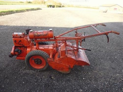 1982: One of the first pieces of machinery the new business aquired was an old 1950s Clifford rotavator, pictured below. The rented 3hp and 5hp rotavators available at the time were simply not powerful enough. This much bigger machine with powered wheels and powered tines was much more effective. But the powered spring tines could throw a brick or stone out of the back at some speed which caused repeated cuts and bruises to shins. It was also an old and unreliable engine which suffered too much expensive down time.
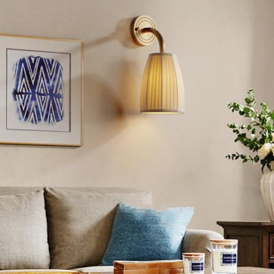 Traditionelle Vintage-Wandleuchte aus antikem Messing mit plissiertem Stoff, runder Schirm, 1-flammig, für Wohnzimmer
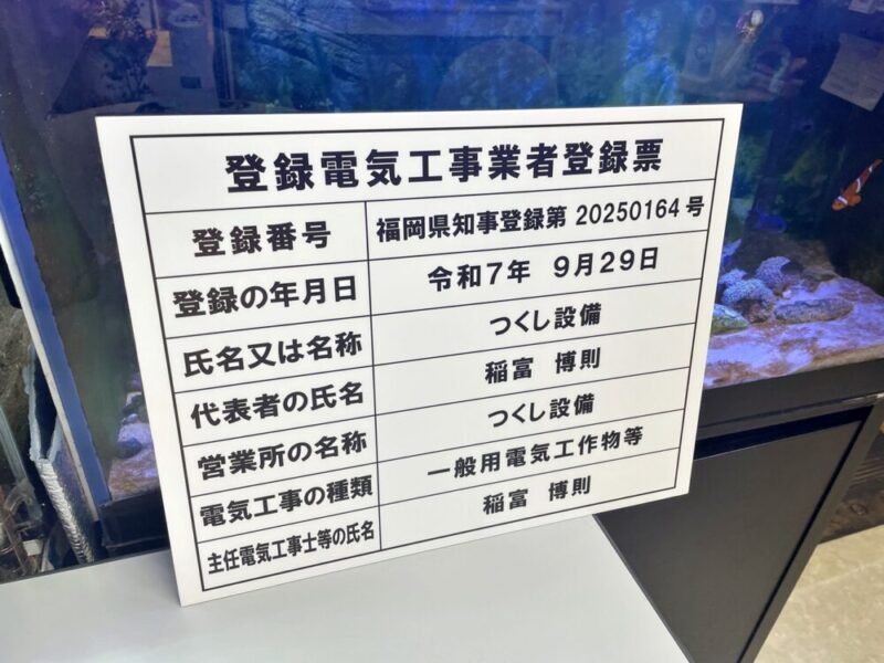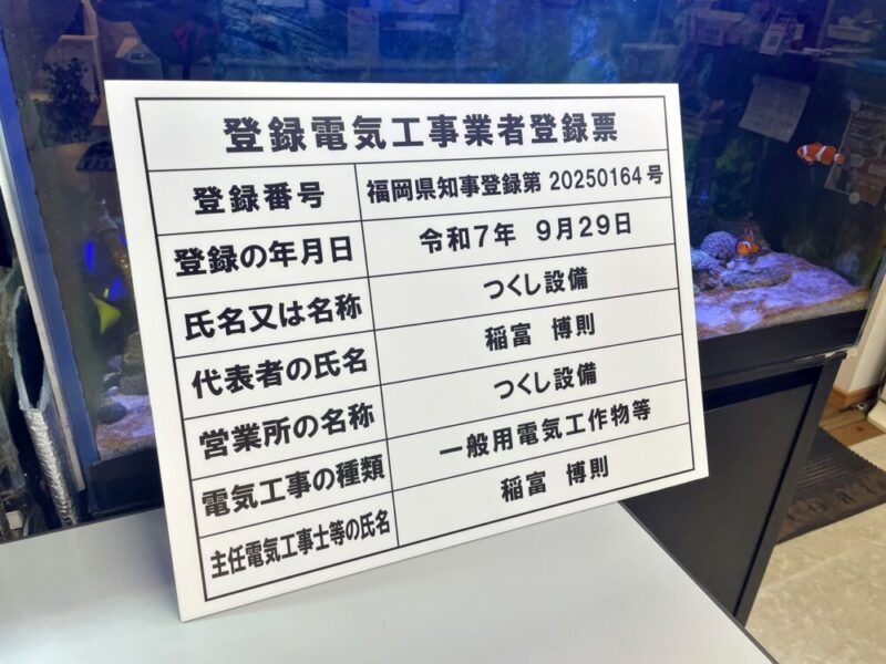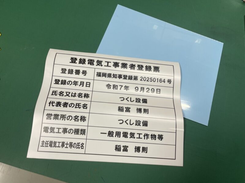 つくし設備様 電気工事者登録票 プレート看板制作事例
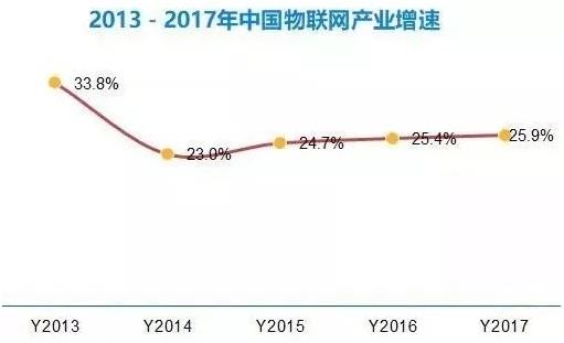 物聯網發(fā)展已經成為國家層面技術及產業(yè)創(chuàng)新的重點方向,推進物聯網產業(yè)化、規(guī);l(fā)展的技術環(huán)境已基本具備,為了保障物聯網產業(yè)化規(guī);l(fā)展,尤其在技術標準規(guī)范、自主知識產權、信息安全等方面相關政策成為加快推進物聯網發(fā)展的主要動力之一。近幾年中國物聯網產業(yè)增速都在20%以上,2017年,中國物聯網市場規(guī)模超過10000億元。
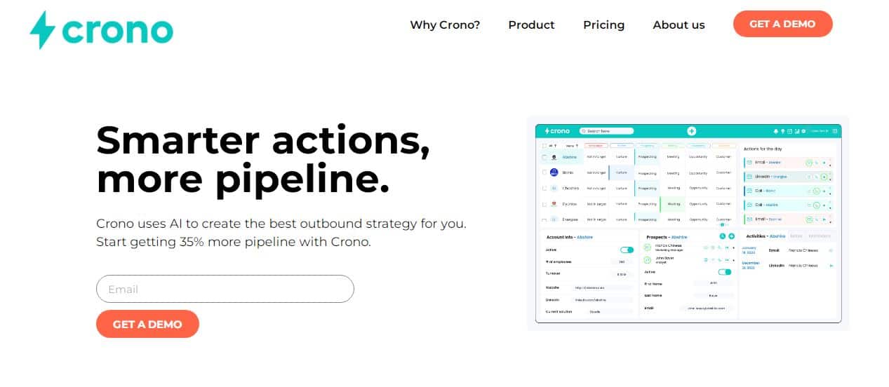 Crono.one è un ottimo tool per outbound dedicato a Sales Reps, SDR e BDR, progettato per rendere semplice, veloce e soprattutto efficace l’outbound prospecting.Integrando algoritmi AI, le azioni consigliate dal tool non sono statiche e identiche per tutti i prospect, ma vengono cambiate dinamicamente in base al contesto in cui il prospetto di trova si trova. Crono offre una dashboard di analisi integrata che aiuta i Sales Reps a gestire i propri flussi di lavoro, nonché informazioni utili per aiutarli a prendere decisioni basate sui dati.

Try it =
Leave the pictures out, and copy exactly each line from the one containing "つくし設備様 電気工事者登録票 プレート看板制作事例" through the final line of the data.

Exercise answer =
 つくし設備様 電気工事者登録票 プレート看板制作事例
 物聯網發(fā)展已經成為國家層面技術及產業(yè)創(chuàng)新的重點方向,推進物聯網產業(yè)化、規(guī);l(fā)展的技術環(huán)境已基本具備,為了保障物聯網產業(yè)化規(guī);l(fā)展,尤其在技術標準規(guī)范、自主知識產權、信息安全等方面相關政策成為加快推進物聯網發(fā)展的主要動力之一。近幾年中國物聯網產業(yè)增速都在20%以上,2017年,中國物聯網市場規(guī)模超過10000億元。
 Crono.one è un ottimo tool per outbound dedicato a Sales Reps, SDR e BDR, progettato per rendere semplice, veloce e soprattutto efficace l’outbound prospecting.Integrando algoritmi AI, le azioni consigliate dal tool non sono statiche e identiche per tutti i prospect, ma vengono cambiate dinamicamente in base al contesto in cui il prospetto di trova si trova. Crono offre una dashboard di analisi integrata che aiuta i Sales Reps a gestire i propri flussi di lavoro, nonché informazioni utili per aiutarli a prendere decisioni basate sui dati.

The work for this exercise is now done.